+++ Input for this task

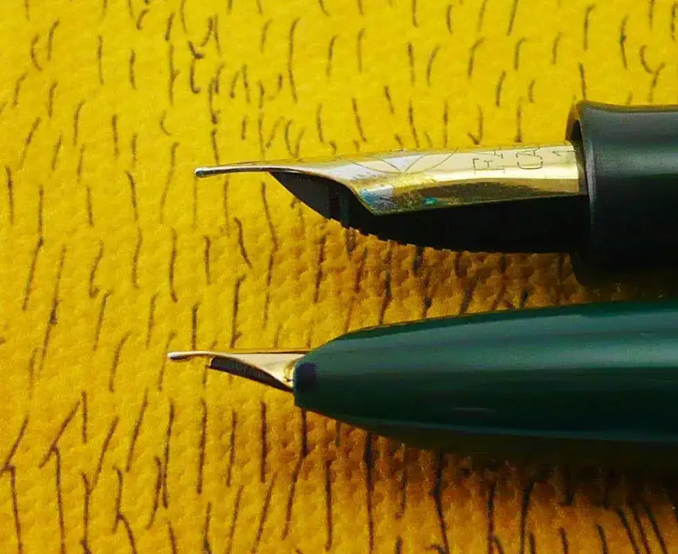 - Plumín bicolor con Punto M. Es flexible; abre bastante y recupera bien.
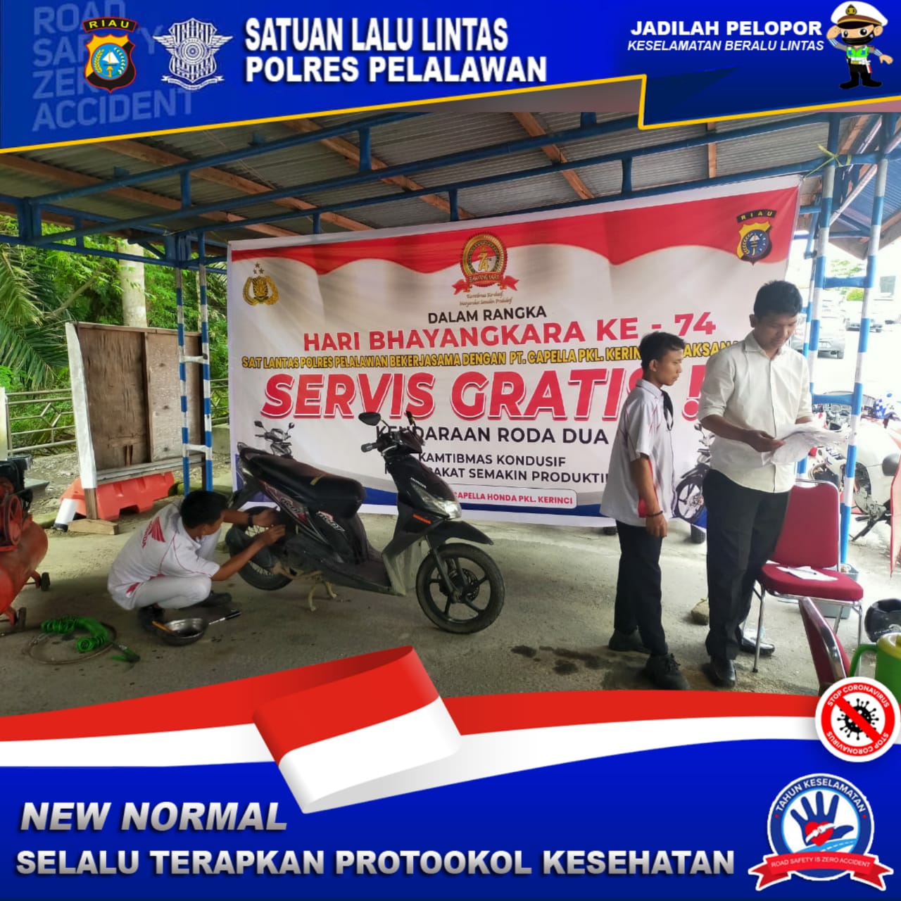 PANGKALAN KERINCI (MR) - Dalam rangka menyambut Hari Bhayangkara Ke-74, Satuan Lalu Lintas (Satlantas) Polres Pelalawan menggelar service gratis bagi kendaraan bermotor roda dua.
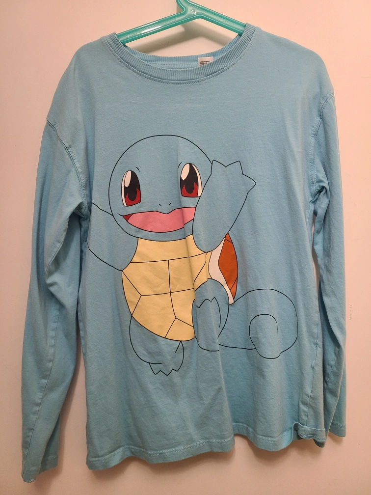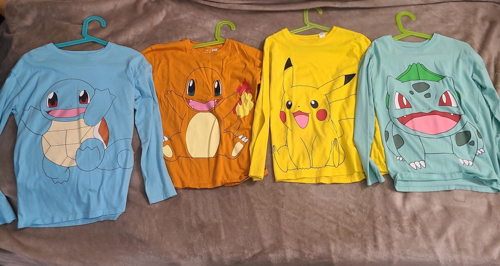 Set of 4 long sleeve Pokemon shirts. Each shirt features a different Pokemon: Bulbasaur, Charmander, Squirtle, and Pikachu. All shirts are in good condition and are a great size for a child. $10.00 for each or 4 of them for $30.00 Pick up only Located Gerrard st east and Sherbourne st.
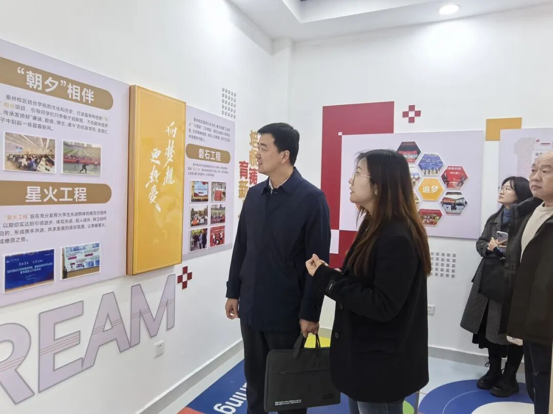 团委党支部首站深入泰州校区团学工作一线,实地走访团工委办公室、学生社团活动室、创新创业孵化基地等党团阵地。党员同志详细查看阵地功能分区、设备配置及文化展示情况,对“青年需求即时响应、党团服务触手可及”的阵地建设理念表示高度认同。通过系统考察泰州校区团学工作硬件设施,为后续优化资源配置、提升服务效能奠定基础。
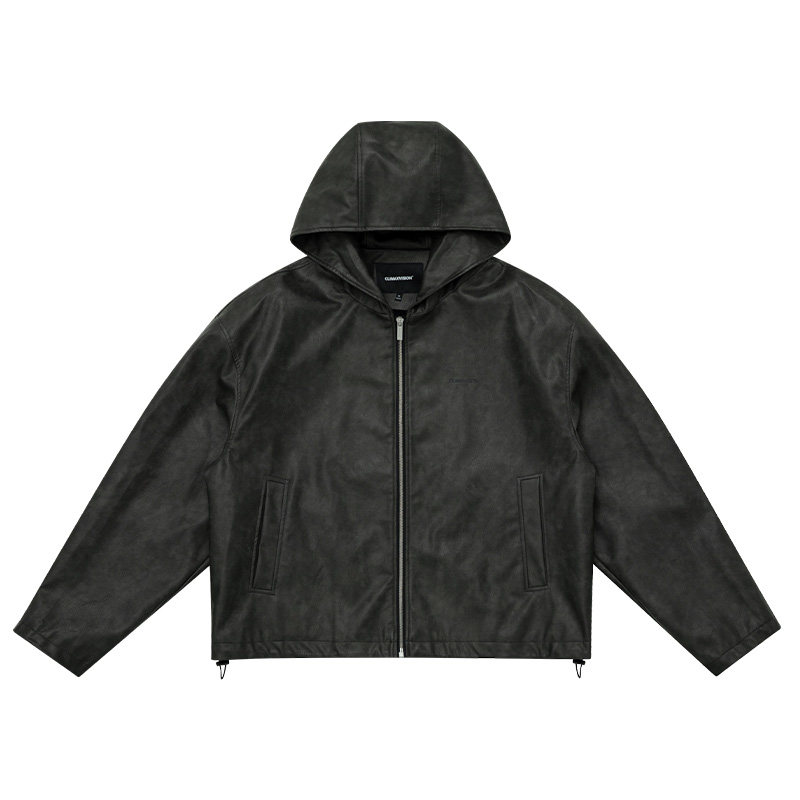 CLIMAX VISION刺绣logo美式复古PU皮连帽拉链夹克皮衣
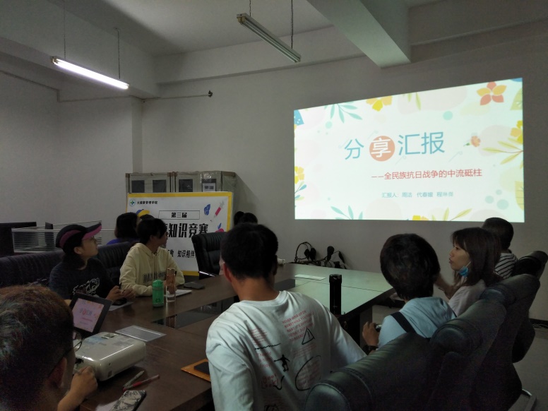 随后,周洁、程琳傑和付元柳三位同志进行了主题为“全民族抗日战争的中流砥柱”的党史知识分享会。分享会包含了抗日战争时间线梳理、抗日战争时期党的方针路线和抗日英雄三部分。在这段历史中,我们看到了全体中华儿女为国家生存而战、为民族复兴而战、为人类正义而战的伟大意志与坚定信念。鉴往事,知来者。作为青年党员,我们应当继承和弘扬伟大抗战精神,以越是艰险越向前的大无畏气概,以压倒一切困难而不为困难所压倒的决心和勇气,敢于斗争,善于创造,锲而不舍为实现中华民族伟大复兴而奋斗,直至取得最后的胜利。
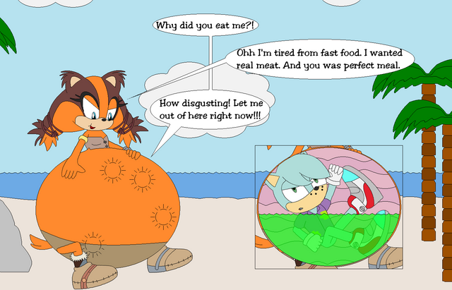 A request from who wanted to see Rouge with a big vore belly. Of course she didn't have a big vore belly like the requester asked for so I added it myselfRouge and Knuckles belong to SEGA and Sonic Team
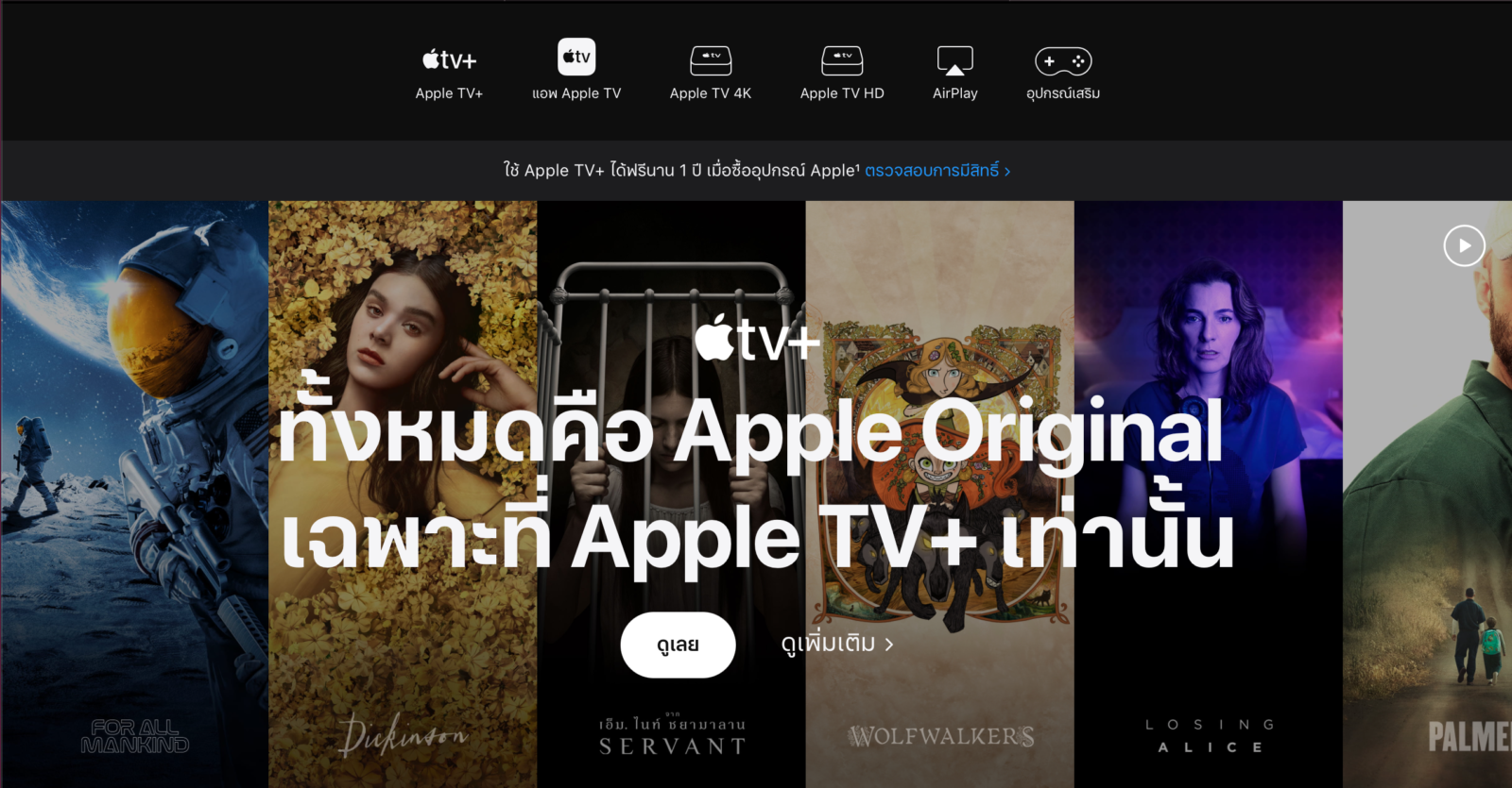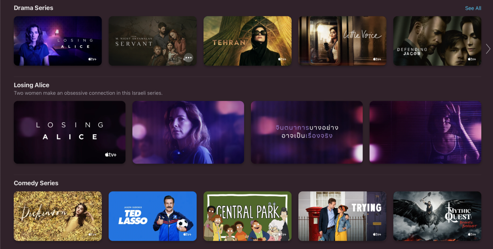 Apple TV+ เป็นแหล่งรวมผลงานต้นฉบับจาก Apple ที่สร้างสรรค์โดยจินตนาการอันเป็นเลิศของสุดยอดนักเล่าเรื่องแห่งยุค พร้อมยังชนะรางวัลมาแล้วมากมาย Apple TV+ นำเสนอเนื้อหาคุณภาพระดับพรีเมียม ไม่ว่าจะเป็นซีรีส์แนวคอมเมดี้หรือดราม่า ภาพยนตร์ ภาพยนตร์สารคดีสุดล้ำ หรือเนื้อหาบันเทิงสำหรับเด็กและครอบครัว
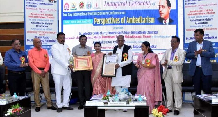 विवेक तोटेवार, वणी: आंबेडकराईट हिस्ट्री असोसिएशन व डॉ. बाबासाहेब आंबेडकर मेमोरियल सोसायटी चंद्रपूर द्वारा संचालित डॉ. आंबेडकर कला, वाणिज्य व विज्ञान महाविद्यालय चंद्रपूर, कर्मवीर महाविद्यालय मुल, राष्ट्रसंत तुकडोजी महाविद्यालय चिमूर, त्यांच्या संयुक्त विद्यमाने आणि भारतीय सामाजिक विज्ञान संशोधन परिषद प्रायोजित भारतरत्न डॉ. बाबासाहेब आंबेडकर यांच्या 131 व्या जयंती पर्वावर आंबेडकरवादी दृष्टीकोन या विषयावर आधारित दोन दिवसीय आंतरविद्याशाखीय, आंतरराष्ट्रीय परिषद 25 व 26 जून 2022 रोजी संपन्न झाले. या परिषदेत आंबेडकरी चळवळीत कार्य करणाऱ्या कार्यकर्त्यांचा पुरस्कार देऊन सत्कार करण्यात आला.
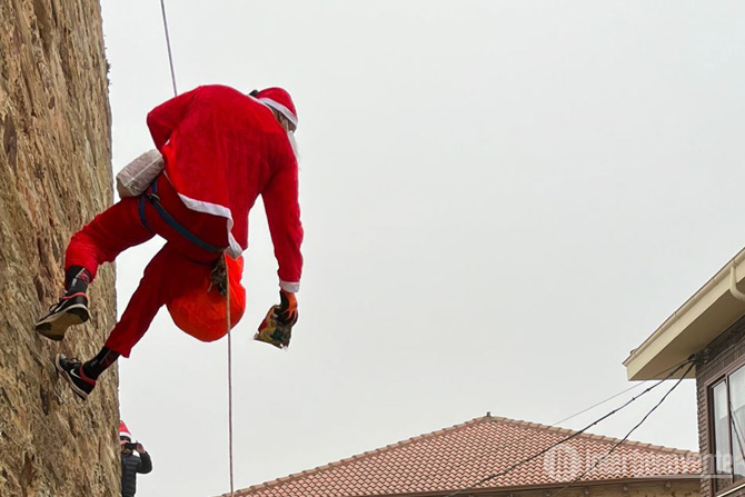Papa Noel llego a Maire de Castroponce desde la torre de su iglesia
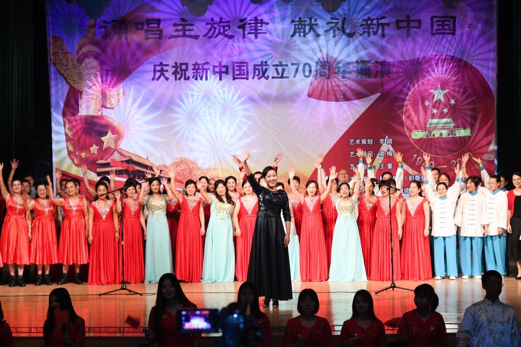 为庆祝新中国成立70周年,赞美伟大祖国的辉煌岁月,抒发曲园教职工的爱国情怀,9月21日,由学校工会主办、教职工诵读协会承办的庆祝新中国成立七十周年——“诵唱主旋律,献礼新中国”诵演晚会在逸夫学术中心成功举行。
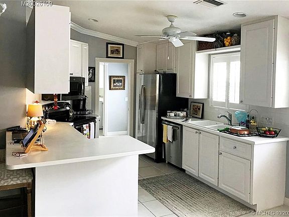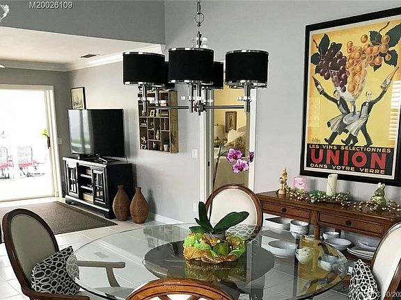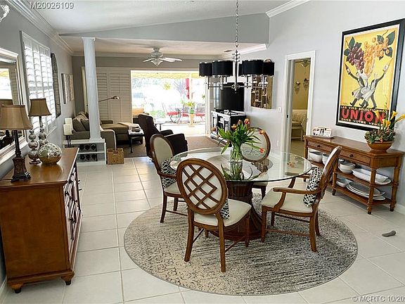 Florida Club 2 BR, 2 BA extended Capri model w/large screened lanai & stunning water views overlooking the 17th green of the golf course. Home has many upgrades incl. crown molding, plantation shutters, all steel appliances, new A/C (2015), wtr htr (2016), elec fireplace, & glass entrypoint door. Entire exterior repainted. All interior repainted (2015). Other features: central vac, hurricane shutters, & extra landscaping. 20X30 lanai is roomy & perfect for outdoor gatherings. The Florida Club is a well maintained, gated community w/pool & tennis/pickleball courts - a 2 min walk from the home. The golf course is one of the best on the Treasure Coast. This home is a commuter or snowbird's dream w/easy access to I-95, restaurants & shopping. Most furnishings are available for sale separately
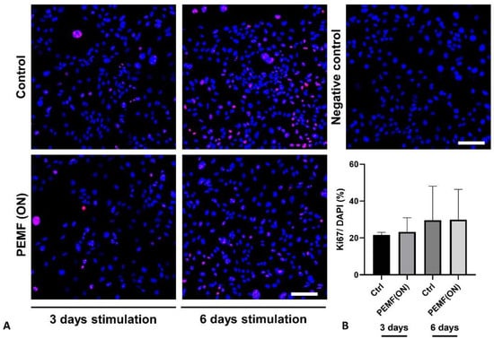 (A) Representative images of K4IM cell line after 3 days and 6 days PEMF(ON) stimulation compared to their non-stimulated counterparts, respectively (200× magnification), immunolabeled with Ki67 specific antibody and negative control of the staining. Red (Cy3) = Ki67, blue (DAPI) = cell nuclei. Scale bar = 100 µm. (B) Graphic representation of relative CD55 protein fluorescence intensity, n = 3 independent experiments, mean with standard deviation (SD). Control (3 days) has been normalized to 100. Repeated measures one-way ANOVA using Tukey’s multiple comparisons.
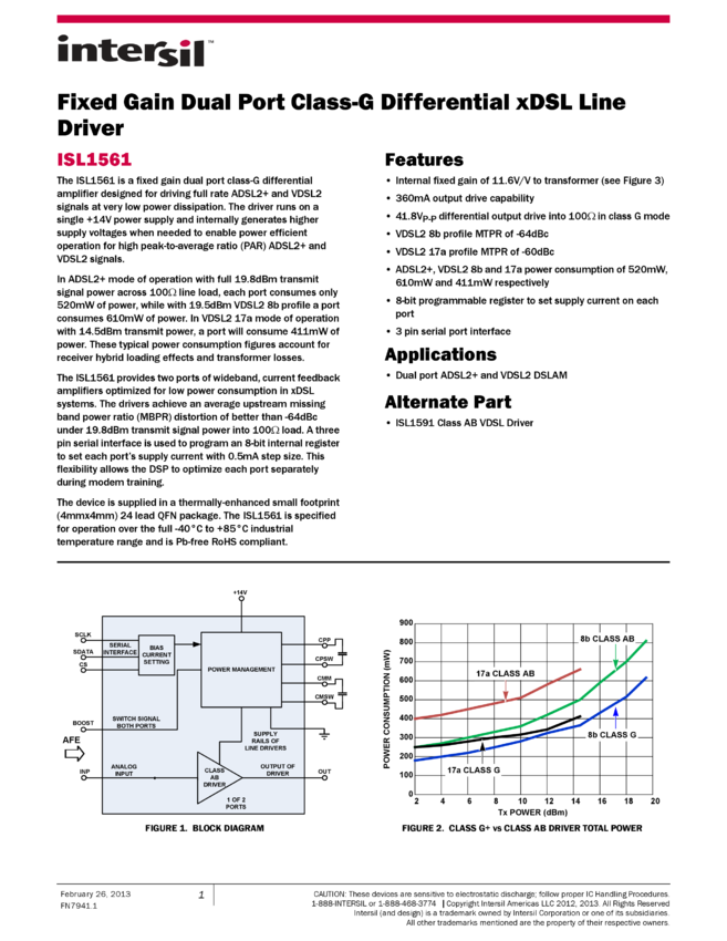 ISL1561 Fixed Gain Dual Port Class-G Differential xDSL Line Driver
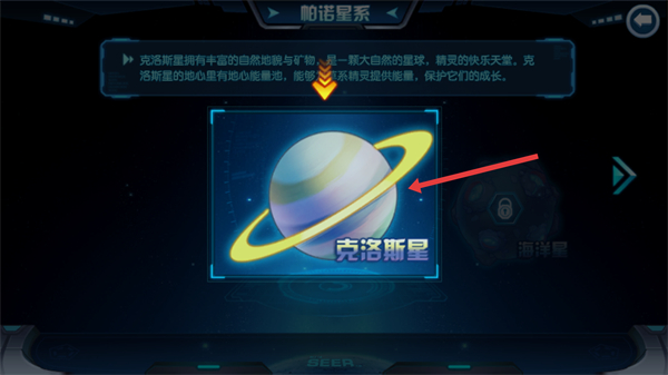 2、可選擇前往帕諾星系的克洛斯星,了解其有豐富自然資源,能為精靈提供能量,適合開展探索活動。

++++++

▸ **What to produce**
Beginning with the line above that contains "团委党支部首站深入泰州校区团" and finishing with the line that contains "为庆祝新中国成立70周年,赞", print those lines exactly and only. Skip all pictures.

▸ **Task answer**
 团委党支部首站深入泰州校区团学工作一线,实地走访团工委办公室、学生社团活动室、创新创业孵化基地等党团阵地。党员同志详细查看阵地功能分区、设备配置及文化展示情况,对“青年需求即时响应、党团服务触手可及”的阵地建设理念表示高度认同。通过系统考察泰州校区团学工作硬件设施,为后续优化资源配置、提升服务效能奠定基础。
 CLIMAX VISION刺绣logo美式复古PU皮连帽拉链夹克皮衣
 随后,周洁、程琳傑和付元柳三位同志进行了主题为“全民族抗日战争的中流砥柱”的党史知识分享会。分享会包含了抗日战争时间线梳理、抗日战争时期党的方针路线和抗日英雄三部分。在这段历史中,我们看到了全体中华儿女为国家生存而战、为民族复兴而战、为人类正义而战的伟大意志与坚定信念。鉴往事,知来者。作为青年党员,我们应当继承和弘扬伟大抗战精神,以越是艰险越向前的大无畏气概,以压倒一切困难而不为困难所压倒的决心和勇气,敢于斗争,善于创造,锲而不舍为实现中华民族伟大复兴而奋斗,直至取得最后的胜利。
 A request from who wanted to see Rouge with a big vore belly. Of course she didn't have a big vore belly like the requester asked for so I added it myselfRouge and Knuckles belong to SEGA and Sonic Team
 Apple TV+ เป็นแหล่งรวมผลงานต้นฉบับจาก Apple ที่สร้างสรรค์โดยจินตนาการอันเป็นเลิศของสุดยอดนักเล่าเรื่องแห่งยุค พร้อมยังชนะรางวัลมาแล้วมากมาย Apple TV+ นำเสนอเนื้อหาคุณภาพระดับพรีเมียม ไม่ว่าจะเป็นซีรีส์แนวคอมเมดี้หรือดราม่า ภาพยนตร์ ภาพยนตร์สารคดีสุดล้ำ หรือเนื้อหาบันเทิงสำหรับเด็กและครอบครัว
 विवेक तोटेवार, वणी: आंबेडकराईट हिस्ट्री असोसिएशन व डॉ. बाबासाहेब आंबेडकर मेमोरियल सोसायटी चंद्रपूर द्वारा संचालित डॉ. आंबेडकर कला, वाणिज्य व विज्ञान महाविद्यालय चंद्रपूर, कर्मवीर महाविद्यालय मुल, राष्ट्रसंत तुकडोजी महाविद्यालय चिमूर, त्यांच्या संयुक्त विद्यमाने आणि भारतीय सामाजिक विज्ञान संशोधन परिषद प्रायोजित भारतरत्न डॉ. बाबासाहेब आंबेडकर यांच्या 131 व्या जयंती पर्वावर आंबेडकरवादी दृष्टीकोन या विषयावर आधारित दोन दिवसीय आंतरविद्याशाखीय, आंतरराष्ट्रीय परिषद 25 व 26 जून 2022 रोजी संपन्न झाले. या परिषदेत आंबेडकरी चळवळीत कार्य करणाऱ्या कार्यकर्त्यांचा पुरस्कार देऊन सत्कार करण्यात आला.
Papa Noel llego a Maire de Castroponce desde la torre de su iglesia
 为庆祝新中国成立70周年,赞美伟大祖国的辉煌岁月,抒发曲园教职工的爱国情怀,9月21日,由学校工会主办、教职工诵读协会承办的庆祝新中国成立七十周年——“诵唱主旋律,献礼新中国”诵演晚会在逸夫学术中心成功举行。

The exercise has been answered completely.